4 Reasons Why My Head is POUNDING...and then some

As I sit here with a miserable headache, I am thinking about all of the things that caused it.

Shall I go through the list?

Yes, yes I shall.

1) Connor's constant, nonstop fussing.
Apparently this is totally normal for his age and it will be over soon, just like the colic. Which then leads me to feel guilty because I was so stressed out and sleep deprived when he had colic that I didn't appreciate how sweet and precious he was. In a few months when he's running around, or in a few years when I'm not his favorite anymore, I'm going to look back on this night and cry. Then I'll get another headache.

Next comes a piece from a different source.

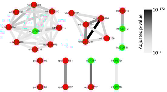 Network of splicing and editing coordination. Splicing events are shown in green and editing events in red. Dependent events are joined by an edge. The darkness of the edge is proportional to the adjusted p-value of the Exact Fisher test for the pool of the three replicates.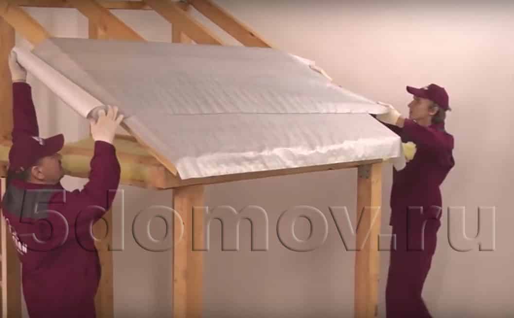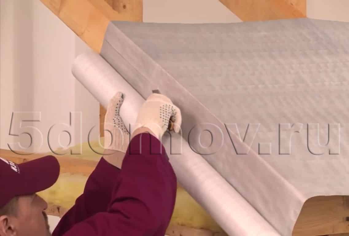 Для обустройства мансарды лучше всего применять мембранную плёнку. На утеплитель она ложится гладкой стороной. Чтобы влага не проникала через монтажные отверстия она крепится к балкам степлером. Материал с фольгой монтируется аналогичным образом, как и в предыдущих случаях. Крепиться может гвоздями с широкой шляпкой, стыки дополнительно герметизируются строительным скотчем. При утеплении стен с наружной стороны специалисты рекомендуют применять двойной слой пароизоляции.

2) The lack of money in our bank account.
"It's tha first of tha month," as my homies Bone, Thugs and Harmony would say, which means bills are due. Bills that require money to pay, which we don't have. Yes, yes, I know it's my fault. I should have never quit work. But the thing is, even had I not quit, then by the time we paid for daycare, we would still have zero money.
Why not get another job, Lauren?
Well that's just the million dollar question, now isn't it.
The answer is pretty simple actually: Unless I'm making enough to pay for daycare and still make a profit, then I am paying for time away from my son, and despite my pounding head, I don't want that.

3) "Et tu Brute?"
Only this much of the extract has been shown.